The object, the intention, and the circumstances make up the "sources," or constitutive elements, of the morality of human acts.
1751 The object chosen is a good toward which the will deliberately directs itself. It is the matter of a human act. The object chosen morally specifies the act of the will, insofar as reason recognizes and judges it to be or not to be in conformity with the true good. Objective norms of morality express the rational order of good and evil, attested to by conscience.

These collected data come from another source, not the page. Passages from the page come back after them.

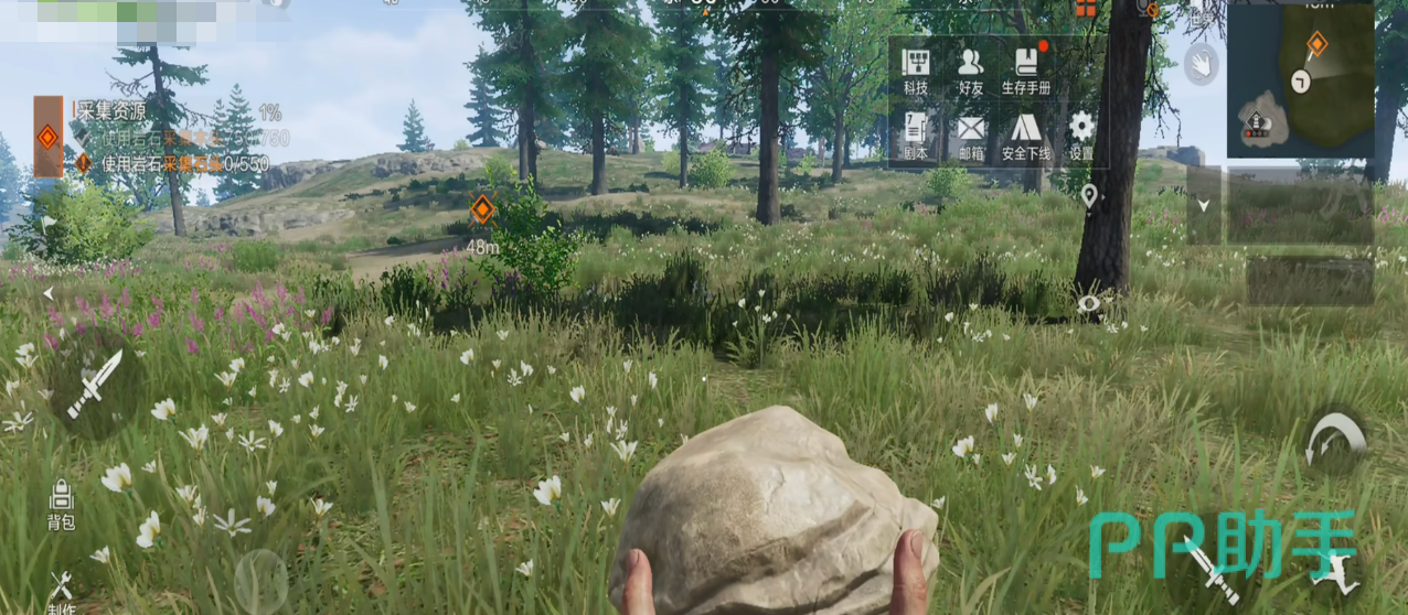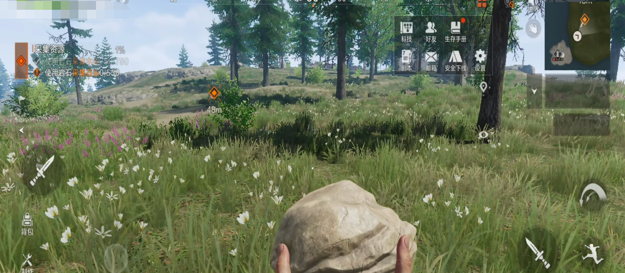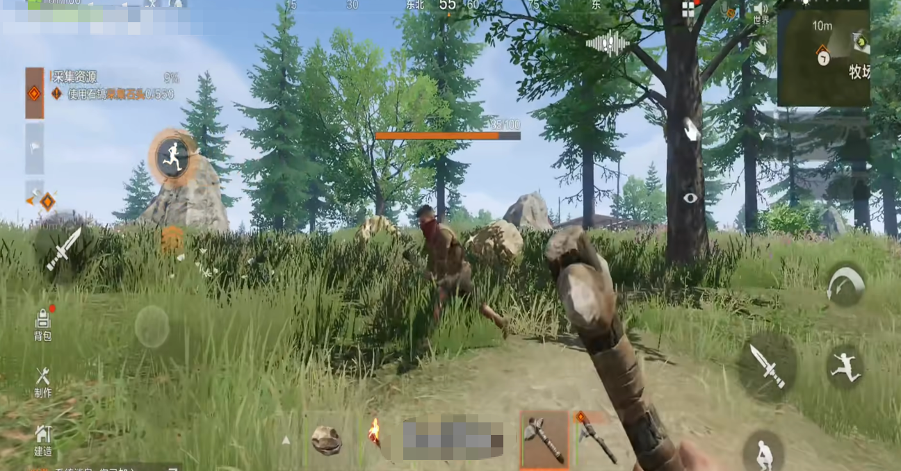 开局零装备设定大幅强化真实感——玩家初始仅能依靠徒手采集基础资源。例如通过精准击打树木红点区域可提升木材获取效率;积累足够经验后解锁石锤,显著加快伐木速度;中后期逐步开放矿石开采系统,不同种类矿石可锻造高伤害近战武器、远程枪械配件及高耐久度建筑构件,为基地防御与野外作战提供双重支撑。
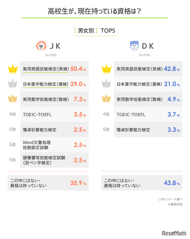 出展:LINEリサーチ 高校生が、現在持っている資格は?[男女別]TOP5
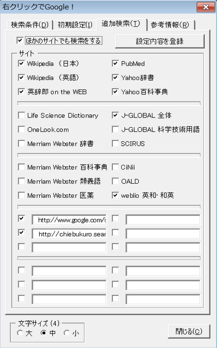 18のサイトはすでに登録されていオンライン辞書です(「Web串刺し検索に使えるサイト情報」で紹介いたしました)。
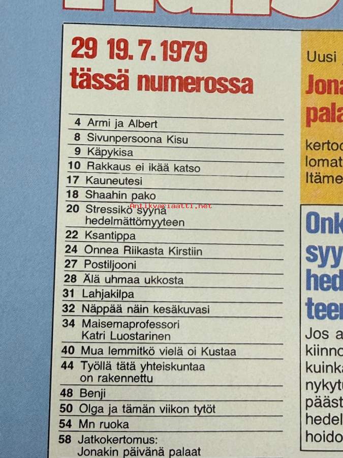 Me Naiset 1979 nr 29, Armi Kuusela, Kisu - Sivun persoona, ennätyspari - Ida ja Kustaa Virenius
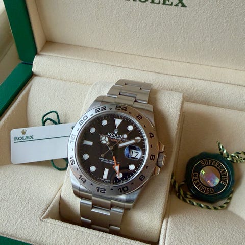 Tarjolle ikäisekseen siistissä kunnossa ja kattavalla setillä varustettu Exp II ”Polar”. Upealla valkoisella taululla jossa päivyri sekä GMT -kaksoisaika. Teräksinen kuori niinikään teräksisellä kehällä yhdistettynä mukavan tuntuiseen teräsrannekkeeseen. Koneistona toimii Rolex 3185 -automaatti. Kelloa seuraa molemmat laatikot, manuaalit, takuutodistus sekä tuoreet käynti ja tiiviystesti tulokset. Kellon takuutodistus on leimattu 3/1998. Kello tarkastettu 12.12.2025 kellosepän toimesta ja siitä käynti sekä tiiviystesti tulokset, ei välitöntä huollon tarvetta. Tästä edullisesti upea Polar kohti uusia seikkailuja.
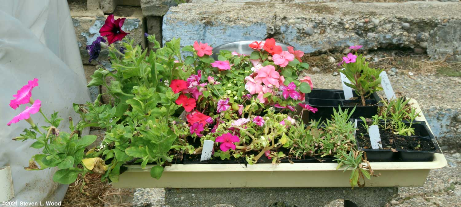 We also have dianthus, geraniums, and petunias in bloom. Our dianthus are all from saved seed, originally from the Carpet Snowfire variety. The petunias are the Celebrity variety which we've come to love for its diversity of bloom colors and styles. We had a vinca in bloom, but a heavy rain yesterday beat up its blooms.
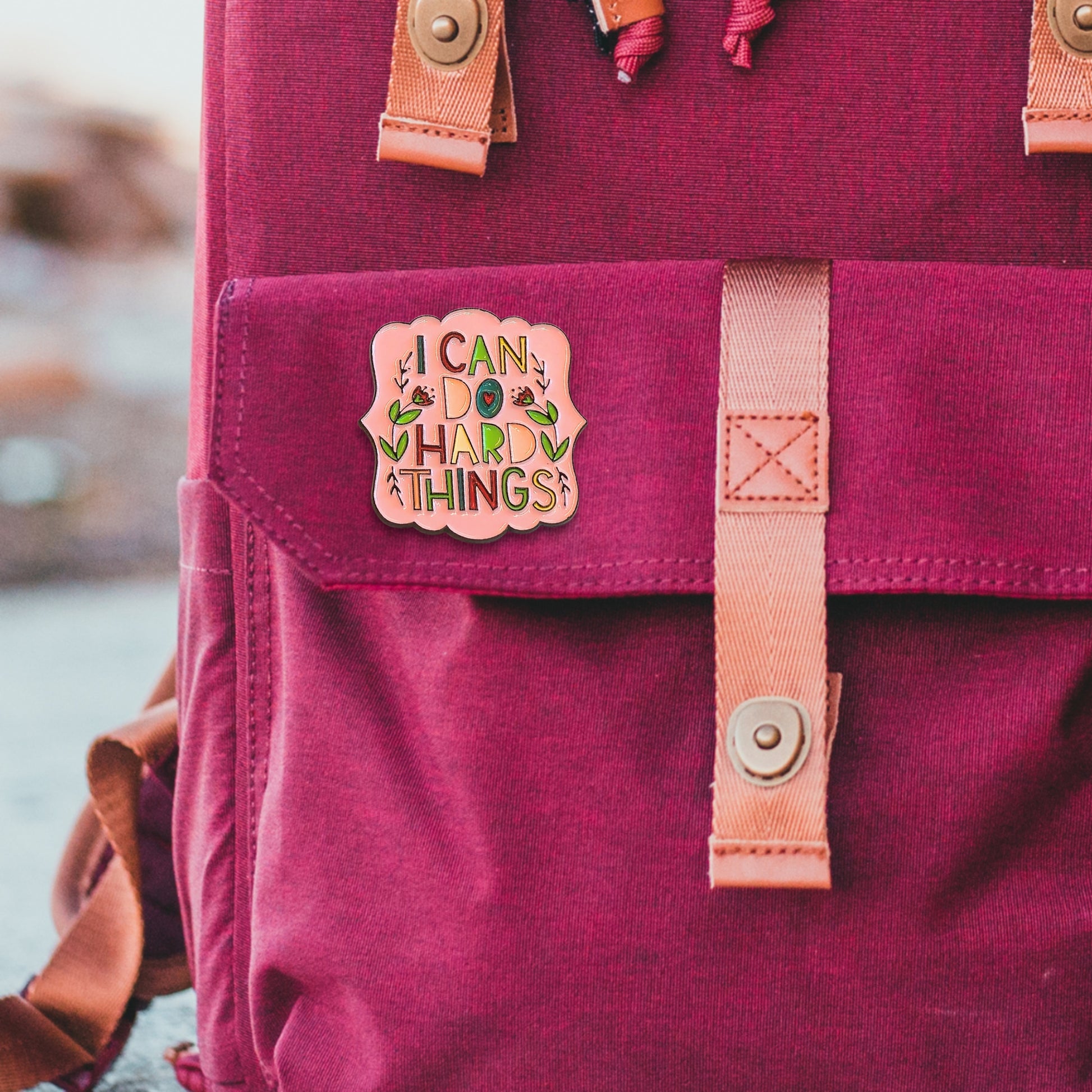 Boost your inner strength with this empowering "I Can Do Hard Things" enamel pin! Featuring a beautiful, ornate design with vibrant, multi-coloured lettering on a soft pink background, adorned with delicate floral and vine accents, it's a constant reminder of your resilience. This lovely pin is perfect for adding a splash of determination and style to your jacket, backpack, or favourite tote.

1752 In contrast to the object, the intention resides in the acting subject. Because it lies at the voluntary source of an action and determines it by its end, intention is an element essential to the moral evaluation of an action. The end is the first goal of the intention and indicates the purpose pursued in the action. the intention is a movement of the will toward the end: it is concerned with the goal of the activity. It aims at the good anticipated from the action undertaken. Intention is not limited to directing individual actions, but can guide several actions toward one and the same purpose; it can orient one's whole life toward its ultimate end. For example, a service done with the end of helping one's neighbor can at the same time be inspired by the love of God as the ultimate end of all our actions. One and the same action can also be inspired by several intentions, such as performing a service in order to obtain a favor or to boast about it.